Most imaging and information professionals (IIP’s) who are taking care of PACS and EMR systems have some type of IT background or, if they started their careers in the clinical field, have taken courses in this area or learned on the job. The IT knowledge that is required in a particular job depends often on whether there is a strong IT department that supports the healthcare imaging and information systems to supplement the IIP skills, but regardless of the scope and strength of the internal IT support, it is always good to not have to rely on an external person who is often in another department, possibly outsourced or centralized and only available through yet another help-desk person. Therefore, being able to troubleshoot and diagnose fundamental problems is often invaluable, especially if there is “fingerpointing” going on such as, “it is not the network,” or “my system works fine.”

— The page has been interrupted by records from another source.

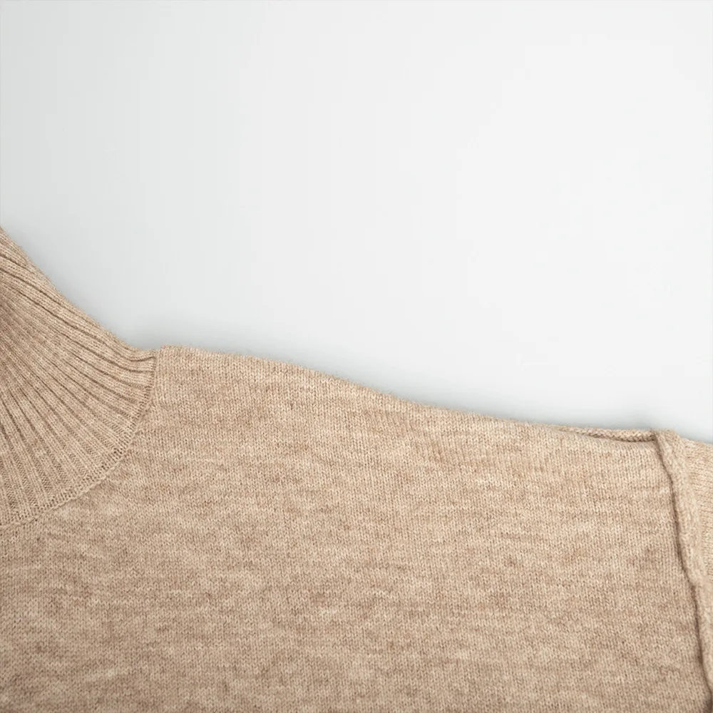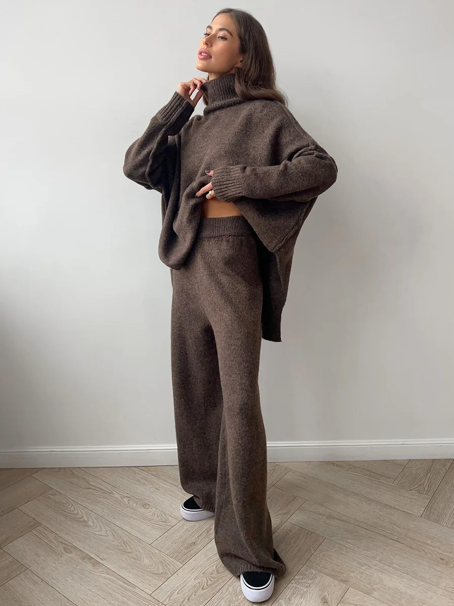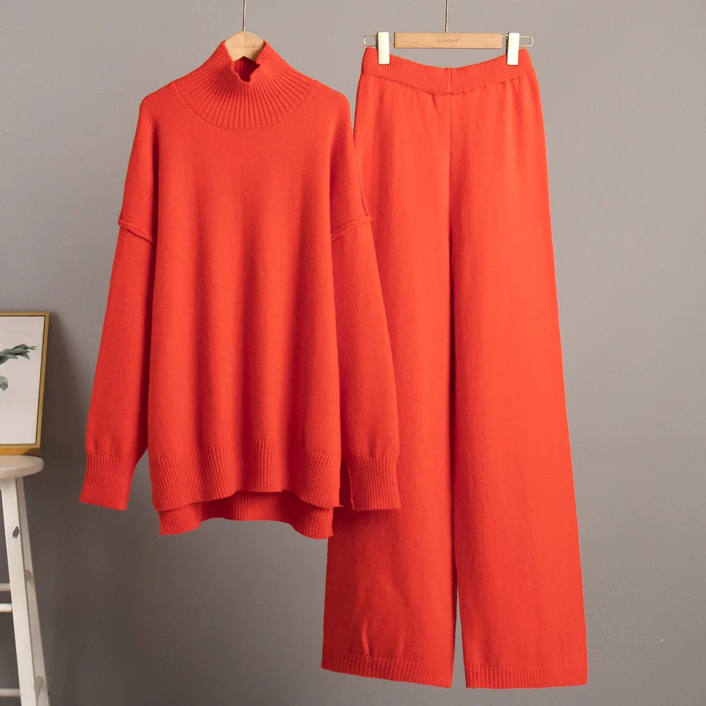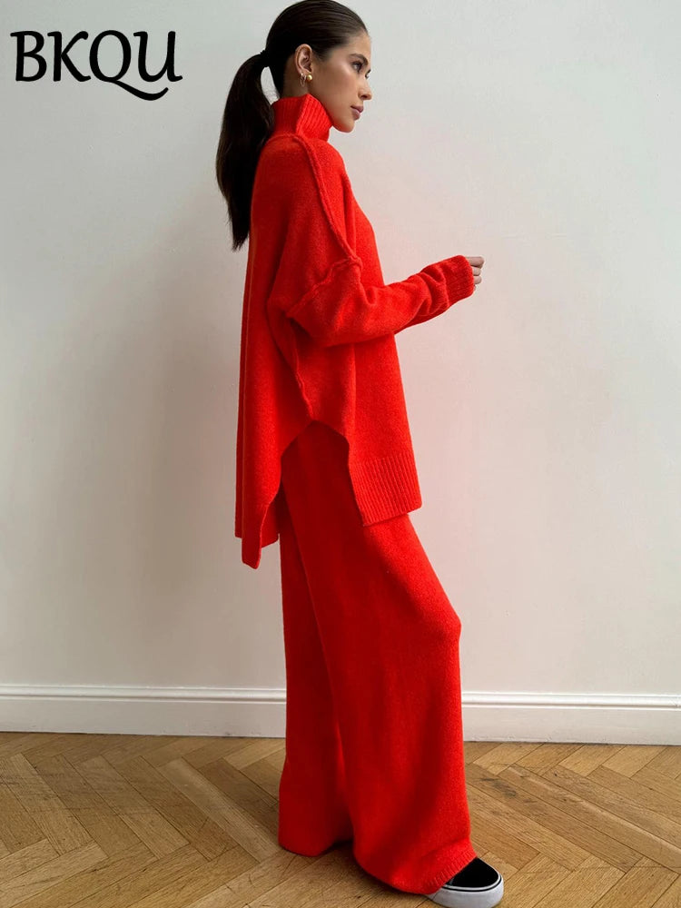 BKQU Knitted Sweater Two Piece Pants Set for Women Loose Warm Turtleneck Pullover and Straight Wide Leg Pants Matching Suit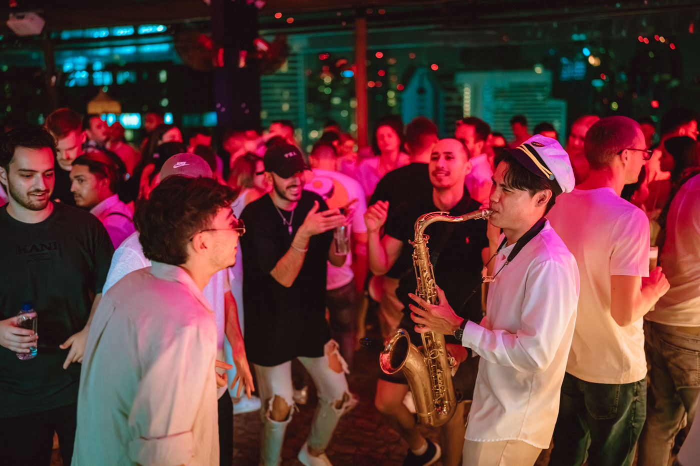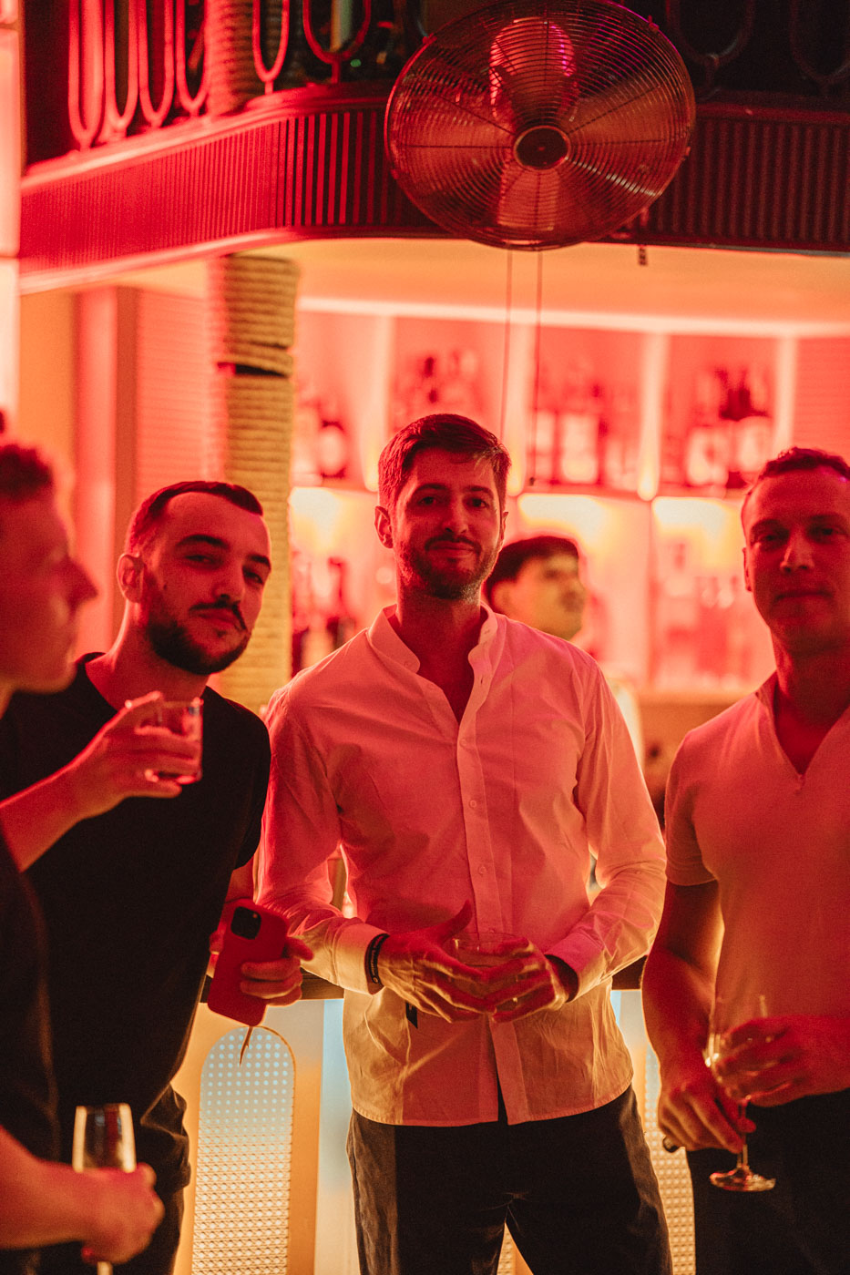 The best Sony camera and lenses, a7RV, 35mm f/1.4, 85mm f/1.4. I use only prime lenses at night for the best quality. This professional equipment ensures sharp, detailed images even in challenging low-light environments typical of evening celebrations.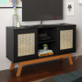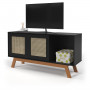 - Prateleira interna; - Estrutura em MDF de 15 mm; - Pés em madeira pinus; - Para TV de até 55"; - Portas com rattan sintético.Dimensões:

Here is my list of basic skills that every IIP should have based on discussions with the many PACS administrators attending our PACS training and derived from questions I have seen in the many PACS user forums:
Overview of the basic skills required:
1. Network diagnostics: IIP’s should be able to isolate whether a problem is related to the network and its infrastructure (switches, routers, etc.), including bandwidth problems, or if it caused by an application or device. The most common networking problem is caused by cable cuts. Therefore, being able to find out if a connection is still live, is invaluable (ping). The second most common problem is that IP addresses might be re-assigned or expired, and therefore being able to check a device IP address is important (ipconfig). Performance and routing issues can be diagnosed with TraceRT, while netstat checks whether a port is still open or might have been closed by a well-intentioned IT person. And nslookup will allow you to troubleshoot any potential DNS issues. Knowing the command to be able to renew an IP address is also important.
2. DICOM connectivity diagnostics: Assuming that the network is OK, the next step is to look for a connectivity issue with imaging devices using a DICOM protocol by analyzing any accessible log files. A typical DICOM connection always starts with connection (aka Association) negotiation, which is executed by an Association Request and corresponding Accept or Reject. A reject would definitely raise a red flag. The second part of the connection would be the actual DICOM command Request (Store, Find, etc.) with the Response and, most important, its return status code (success or fail for whatever reason). You would want to look for any non-success reasons to be returned. Lastly, there should be a Release Request and Accept finishing the protocol. Being able to test negotiation of the connection, sending out a test commend (“Echo”) and successfully releasing the connection using DICOM Verification is invaluable. Most devices have this feature available from a service or tools menu, some even have this accessible from the GUI, look for “DICOM Echo,” “Verification,” “DICOM ping,” or simple “Test,” to perform this function.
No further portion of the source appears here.